The Vision Berry: Bilberry Spiritual Meaning, Myth and Magic

Close-up of grayish-blue bilberries.

The Magic of Bilberry

Witchy Books Review - A Treasury of...
Witchy Books Review - A Treasury of British Folklore by Dee Dee Chainey

I had never heard of Bilberry before. I was researching the grain harvest festival of Lammas when I ran across this peculiar fruit. I had initially mistaken the name for another coinage of blueberry, but it is not. It is a very different fruit altogether.

I sniffed around online and found the reason I had never heard of bilberries…is because bilberries are not native to America. Bilberries are found in Europe and are most prevalent in Sweden. They have enjoyed much popularity in European regions, being baked in cakes and pies, and even fermented into wines, much like blueberries and blackberries are here in the United States.

The Healing Power of Bilberry*

As for healing, like blueberries, bilberries are an incredibly potent healing fruit. Due to the copious amount of Anthocyanins and other powerful vitamins found in bilberries, they contain more antioxidants than cranberries, strawberries, plums, and raspberries.

Dewy bilberries on a metal jar lid near moistened leaves and scattered bilberries.

The antioxidants in bilberries make them excellent for the skin and collagen health. They can also prevent premature aging and wrinkles and do well in fighting against cellulite. Any unsightly bruises? Bilberries can also help with that by helping them heal faster and make your skin more resilient to bruising in the future.

The Japanese have often referred to bilberries as “the vision fruit” because of their unique ability to improve night vision. Studies have shown that bilberries can help the eyes adjust quickly to darkness and even reverse the effects of macular degeneration.

Frosty-looking bilberries sitting on a white saucer.

Bilberry Rituals and Traditions

There is a myriad of rituals and traditions surrounding bilberries in Europe.  In Iceland, wild harvesting of bilberry is very popular during the berry season. The Finnish like to eat bilberries fresh and bake them into Mustikkapirrakka –bilberry pie.

In Ireland, you can find a festival called Fraughan Sunday on the last Sunday in July, where bilberries, or as the Irish call it fraughan are gathered, and they also gather bilberries during Lammas. The Polish call bilberries jagody and make jagodzianka by putting bilberries in sweet buns as filling. Bilberries can even be found in the De-Militarized Zone of North Korea – where they have bog bilberry brandy.
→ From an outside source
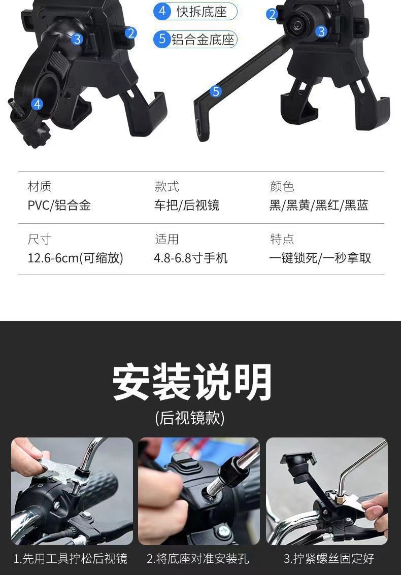 국경 간 전기 자동차 4 발 휴대 전화 홀더 테이크 아웃 라이더 내비게이션 오토바이 자동차 자전거 충격 방지 휴대 전화 홀더

Mature and unripe bilberries growing on a branch.

Bilberry Lore and Mythology

According to myth, bilberries were created by Hermes when he turned his son Myrtillus’ body into a berry shrub after it washed onto shore. Œnomaus, the son of Aries, has an attendant named Myrtillus. Œnomaus was quite proud of his ability as a chariot racer and decided to challenge his daughter’s suitors – whoever could beat him in a chariot race could have his daughter’s hand in marriage.

Pelops, to secure his victory, asked Myrtillus to take the linchpin out of Œnomaus’ chariot. Sure enough, during the race, Œnomaus’ chariot overturned, mortally wounding him. With his dying breath, he petitioned Pelops to seek out his murderer and avenge him. Pelops in turn, threw Myrtillus into the sea. Coincidentally, bilberries are often found growing along the sea shore, and “myrtillus” is the classification for bilberry.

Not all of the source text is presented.